By Majirata Latela
There is renewed hope that the imminent opening up of diamond mining to (licensed) smallholder miners will enable Lesotho to finally realise socio- economic growth from the country’s mineral resources.
Lesotho has for many years been struggling to stamp out illicit diamond trading, and the formulation and adoption of the new mining policy in 2015 brought hope that the country would be free from both corruption and illicit trading.
Many people who live along Senqu River and other areas which have been identified to possess diamond deposits have not benefited from this naturally endowed wealth in their own backyard. Those who were lucky enough to stumble upon these rocks have had to surrender them to the police for ‘confiscation’ by the ministry of mining.
Communities around the four diamond mines in the country have consistently complained that those minerals are not helping to get them out of poverty. They believe those minerals only benefit a certain portion of those who are in decision making positions.
“Our district (Mokhotlong) is blessed with many minerals but they do not benefit our district; mining companies fail to even to hire our communities or even help us develop our district. We are still a country that is hit hard by poverty and high unemployment rate.
“We would like the government to help us make sure that our people benefit from the minerals. This is why we believe that artisanal and small scale mining will at least give people the chance to mine the diamonds themselves, sell them and make a living out from the proceeds,” said Mokhotlong District Administrator Serame Linake.
The December 2018 arrest of then mining minister Keketso Sello’s private secretary, Refiloe Mokone, while in possession of illegal diamonds in South Africa rekindled lingering concerns that the country is not adequately benefiting from its natural resources in part due to rampant smuggling in the extractions industry.
People have shown concern over diamond smuggling and other high ranking officials have shown concerns that diamond smuggling continues because the government is mute and the law is very lenient to those who are found guilty.
With 405 diamondiferous kimberlite identified by the ministry of Mining, the ministry is this year working on issuing licences to artisanal and small scale miners, an act that will allow Basotho to mine diamonds in those areas and make sure that Lesotho utilises all the areas that are said to have mineral resources.
Speaking to theReporter this week, commissioner of mines Pheello Tjatja waxed lyrical about the 2015 Mining Policy but indicated that lack of clarity on the position of government on the artisanal and small scale mining is one of the challenges that hinder the realisation of the country’s socio- economic growth from its mineral resources.
“We have the highest density of kimberlite per square metre in the world. It is therefore very abnormal that country has such a high density – 405 kimberlite bodies – yet we have only four operational bodies (diamond mines). That does not make sense at all.
“With this policy we are also going to help those small scale farmers to graduate at some point and become big players in the mining industry so that they end up owning mines in the country. The ministry will go all out to educate those miners,” said Tjatja.
He added that, apart from offering them education on how to mine, clean and cut the diamonds, they will also make sure that there is security and easy access to those places to avoid unnecessary killings and formation of crime syndicates and gangs.
He said since those small scale miners do not have equipment to excavate the diamonds, the ministry is planning to ease artisanal miners’ access to that kind of equipment, and will also offer them environmental education.
“Before offering those small scale mining licences, the ministry will do an exemption, whereby there will be a law that will allow people who are already in possession of diamonds to auction them so that we clean the system and start on a clean slate,” Tjatja said, adding that they believe by January 2021 the first batch of small scale miners will commence work and they will be given licences to operate in one area for a period of a year.
“Our licences will be very affordable to every Mosotho and will expire at the end of every calendar year (December 31), we know that those people do not have money to pay for expensive licences, so we are actually trying to make sure that they will be affordable,” the commissioner of mines said.
For his part current minister of mining, Serialong Qoo, indicated that the operationalisation of small scale mining has been slow as he had expected that they would be done by now and people would have started mining.
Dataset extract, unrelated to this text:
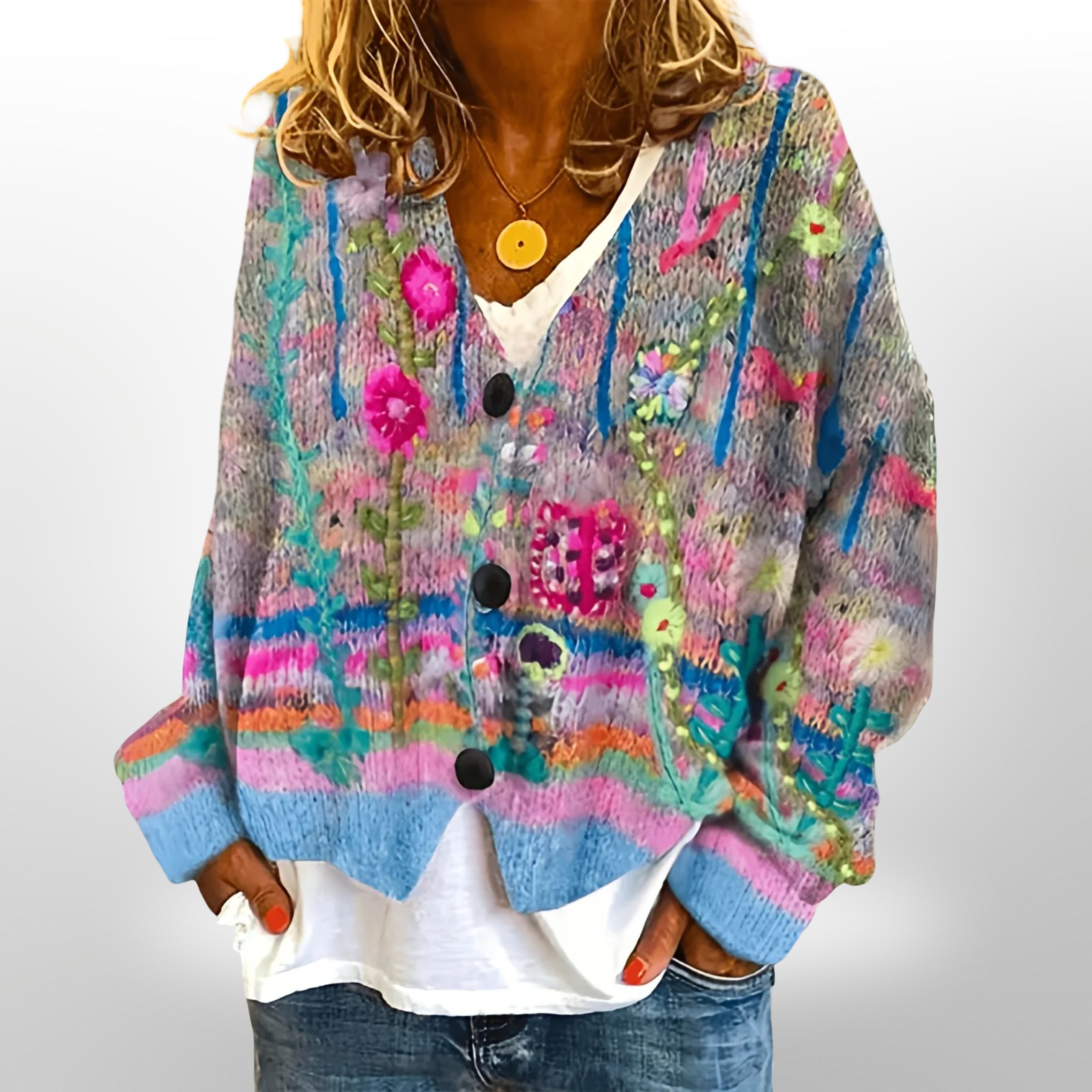 This oversized knitted cardigan adds bold charm to your everyday style. Designed with a cropped length and detailed floral knit, it’s soft, cosy, and made to stand out. The relaxed fit makes it perfect for layering over simple tops and jeans, while the textured flower patterns bring a handmade, artistic feel to your wardrobe.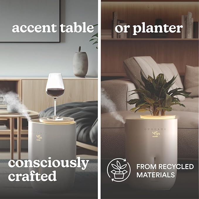 - Style + Substance: The sleek, modern design effortlessly blends into any decor with smooth surfaces and a touchscreen interface, and is consciously crafted with recycled materials. The tabletop can be removed so the humidifier can be used with your favorite 6” small plant.

“We are currently working with the security agencies as they have a role to play in making sure those places are safe to work in. At the same time, we also have to look into safety measures so that those people will be safe from Covid-19.
“When we eventually start issuing those licences we will start with communities that live around the diamond deposits so that they will be able to take responsibility and make sure that the place benefits them.”
Qoo also revealed that the ministry has formed a committee of people small scale miners who are elected at district level, who will be making sure that the policy does address their concerns.
The next step, which is also underway, is formation of mining guidelines which will be in line with the 2005 Mining and Minerals act.
In another development, Linake said he is optimistic that the artisanal and small scale mining will deter people who have been taking advantage of the minerals of this country. He said only it is only when people and politicians work hard on the policy, that many Basotho will benefit and poverty will be a thing of the past.
Despite Lesotho producing some of the best diamonds in the world, Prime Minister (then finance minister) Moeketsi Majoro has previously decried the fact that the government was not getting much in both dividends and royalties.